Ignoring Relevant Data
GSK argues that Dr. Jewell simply ignores relevant data which does not support his position, and in particular points to two meta-analyses conducted by GSK itself, neither of which has been peer reviewed or published. The Court notes that Dr. Jewell devotes much effort in his report to critiquing studies which do not support his position, including RECORD and the MANUCCI meta-analysis, and also explains why he did not consider the two new metaanalyses performed by GSK to be persuasive. He explains that in the first new meta-analysis, GSK researchers redefined the endpoint events, using an overly broad endpoint rather than focusing on myocardial infarctions, and did not engage in blind adjudication of outcome events.
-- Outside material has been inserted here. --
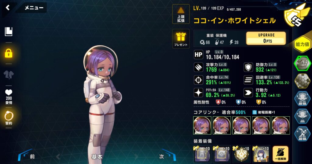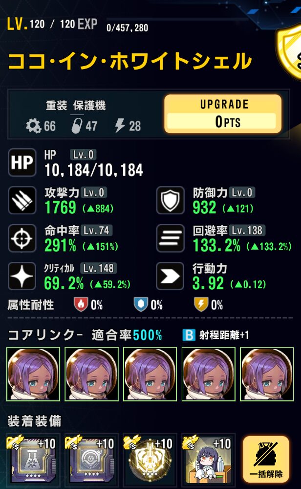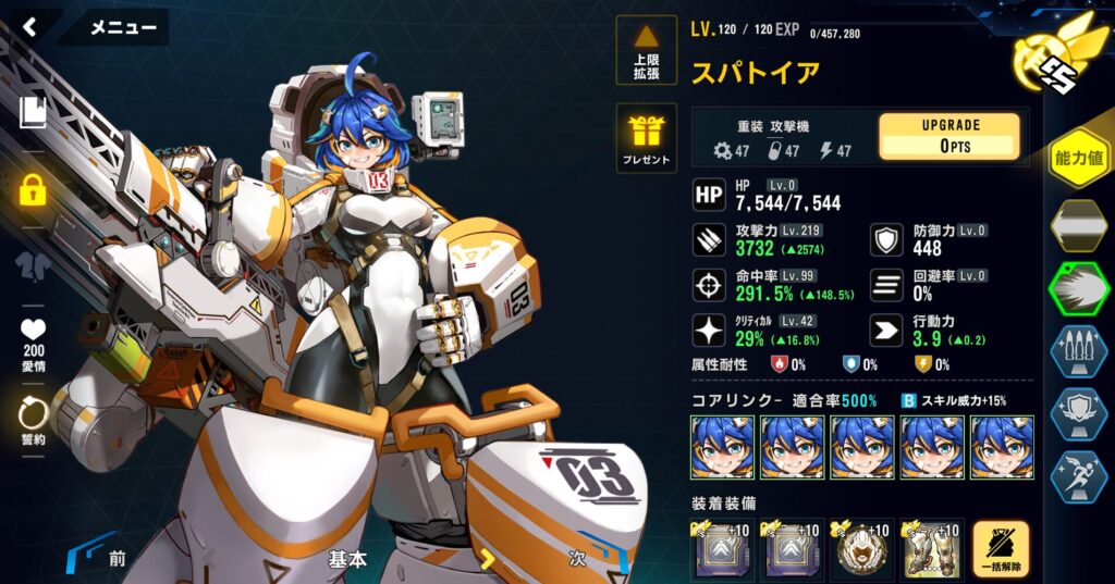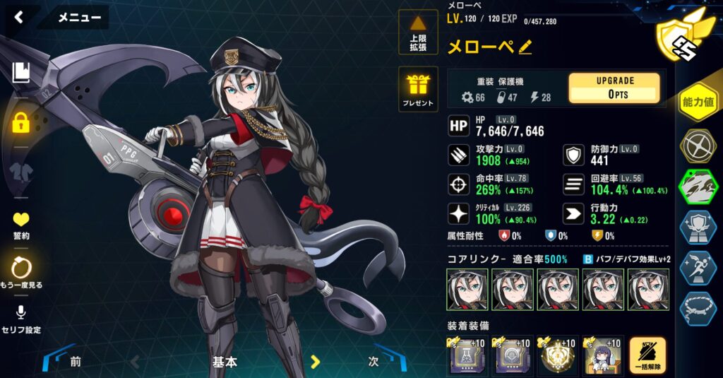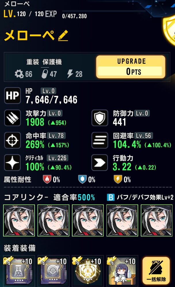装備:BR突撃回路、BR最適化回路、重装型攻撃最適化システム、チョコ

He also notes that the FDA found that study to be less reliable and informative than GSK's original meta-analysis. In the second new meta-analysis, which expanded ICT from a metaanalysis of 42 studies to a meta-analysis of 52 studies, Dr. Jewell explains that a single study, APPROACH, dominated the data from the ten additional studies, as 95 of the 109 new events in the meta-analysis were in the APPROACH data set, and 5 of the 9 new myocardial infarctions occurred in that data set. He found the APPROACH study to be unreliable for two primary reasons: 1) the study used an active medication for the control group, not a placebo; and 2) 76% of participants were on statins at the outset of the trial, whereas in the original studies, baseline statin use ranged from 3-11% in all but one of the 42 trials. The Court is persuaded that Dr. Jewell did not simply ignore relevant data, but rather disregarded that data after finding it scientifically unreliable.
J.R. at 24-32.
J.R. at 19-23.
J.R. at 20.
J.R. at 21.
J.R. at 22.
Overall, the Court finds that Dr. Jewell's opinion is supported by his considered interpretation of the scientific data. The Court notes that his conclusions are not at issue at this time, but only his methods. The Court finds Dr. Jewell's methods are scientifically reliable, and accordingly will deny GSK's Motion.
Conclusion
Each of Plaintiffs' three experts have consulted an extensive body of epidemiological research to support their conclusions, and evaluated and weighed the quality and usefulness of the various studies. Although the conclusions differ from the conclusions reached by GSK's experts, generally speaking the epidemiological studies relied upon by Plaintiffs' experts are the same studies consulted by GSK and the FDA in their evaluation of the risk profile of Avandia. Plaintiffs' experts arrived at their conclusions that sound scientific evidence supports a causal inference without any speculative leap. They were able to opine to a causal connection between Avandia and myocardial infraction with a reasonable degree of medical or scientific certainty. Therefore, the Court finds that the experts' methods are the product of reliable principles and methods, and the experts had good grounds to reach their conclusions. Differences in conclusions go to the weight of the evidence, and not to its admissibility. Accordingly, GSK's Motions to Exclude Plantiffs' general causation experts Drs. Brinton, Sniderman and Jewell are denied.